The records below:

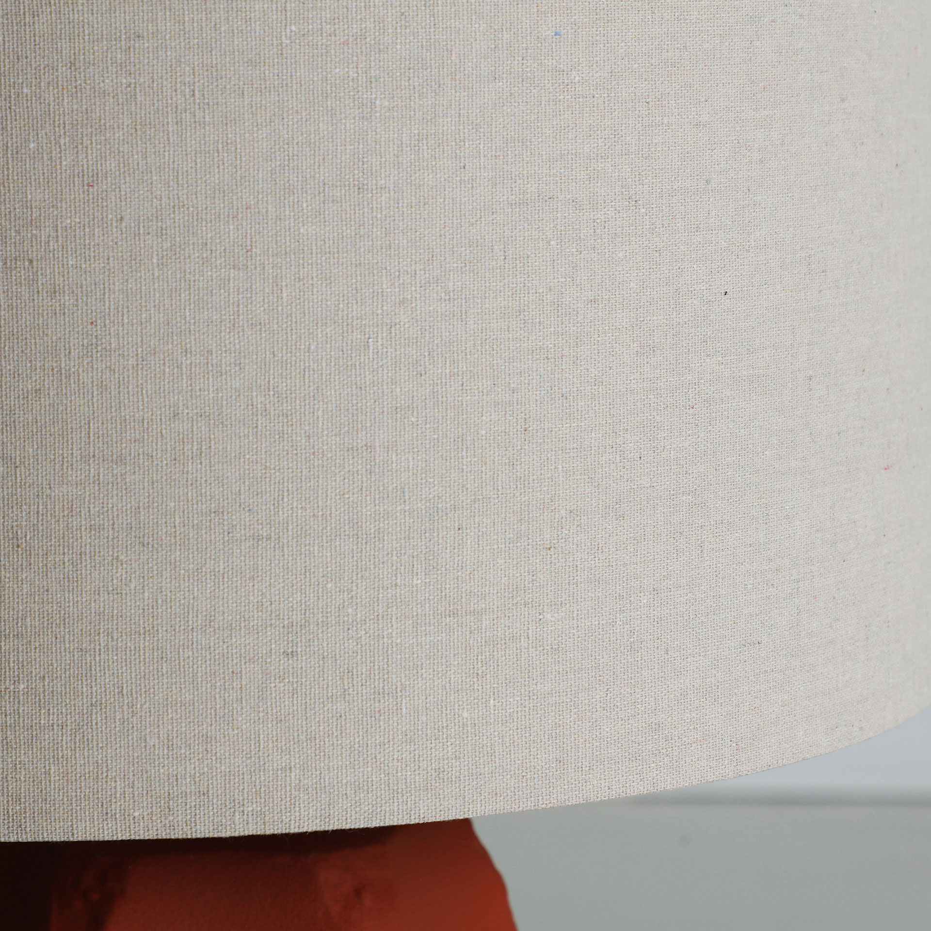 Lámpara de sobremesa Argila de estilo contemporáneo, fabricado en cerámica en color terracota, combinado con acero en color dorado y lino en color blanco roto. Producto desmontable.
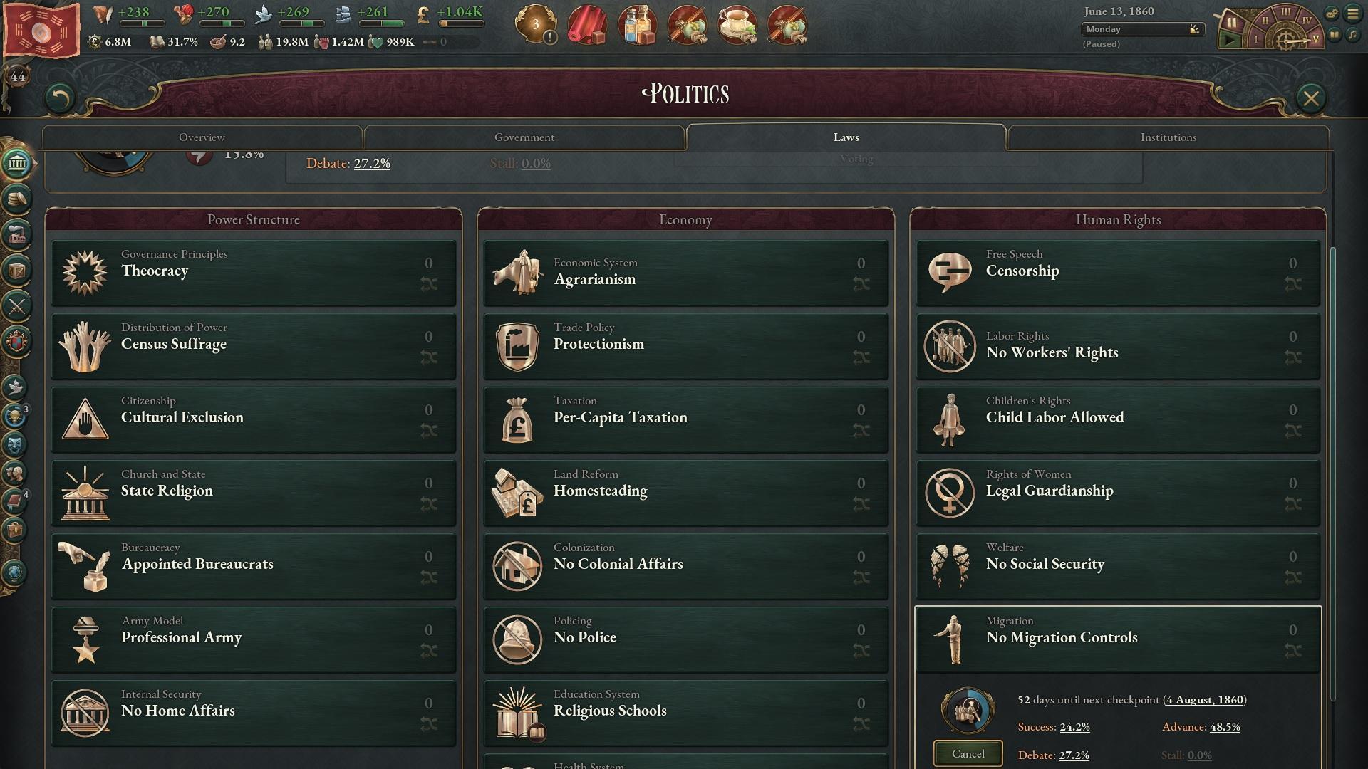 С двух игр нарисовал для себя оптимальную схему начала игры. Максимальные налоги и разрешение на приватизацию вообще всего в стране со старта - важна каждая копейка. В Янсо есть железная шахта -
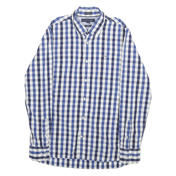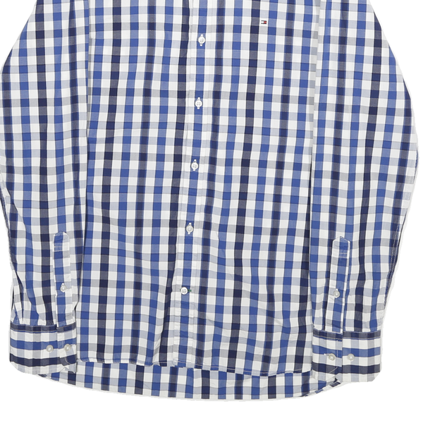 TOMMY HILFIGER Mens Blue & White Check Shirt S Button-Down Collar Long Sleeve
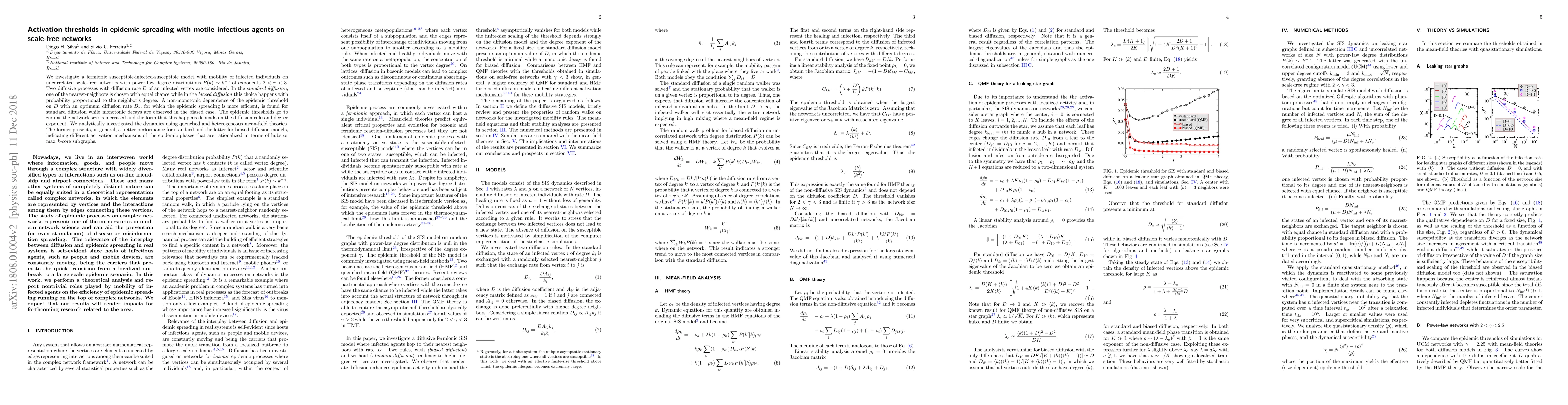 This paper examines epidemic spreading in a fermionic susceptible-infected-susceptible model on scale-free networks, considering two diffusion processes for infected individuals. It finds non-monotonic epidemic threshold behavior for standard diffusion and monotonic decay for biased diffusion, with different activation mechanisms rationalized by network hubs and $k$-core subgraphs.
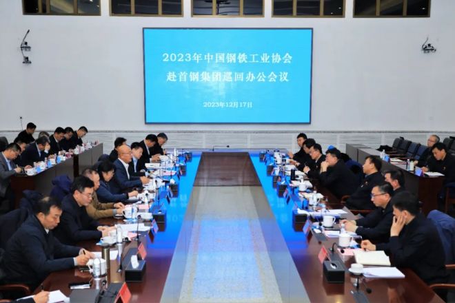 2023年12月17日,中國鋼鐵工業(yè)協(xié)會黨委書記、執(zhí)行會長何文波帶隊到首鋼集團巡回辦公,與首鋼集團黨委書記、董事長趙民革等圍繞產(chǎn)能治理方式、鋼材出口導向、中國綠色低碳標準和國際話語體系、綠色金融政策、共性技術研發(fā)組織方式等行業(yè)核心議題進行深入交流研討,達成多項共識。

End of The records.

- _What is being asked_:
Set down, word for word, the line that holds "This paper examines" and all lines after it to the end of the entries above, but not the pictures.

- _Your solution_:
 This paper examines epidemic spreading in a fermionic susceptible-infected-susceptible model on scale-free networks, considering two diffusion processes for infected individuals. It finds non-monotonic epidemic threshold behavior for standard diffusion and monotonic decay for biased diffusion, with different activation mechanisms rationalized by network hubs and $k$-core subgraphs.
 2023年12月17日,中國鋼鐵工業(yè)協(xié)會黨委書記、執(zhí)行會長何文波帶隊到首鋼集團巡回辦公,與首鋼集團黨委書記、董事長趙民革等圍繞產(chǎn)能治理方式、鋼材出口導向、中國綠色低碳標準和國際話語體系、綠色金融政策、共性技術研發(fā)組織方式等行業(yè)核心議題進行深入交流研討,達成多項共識。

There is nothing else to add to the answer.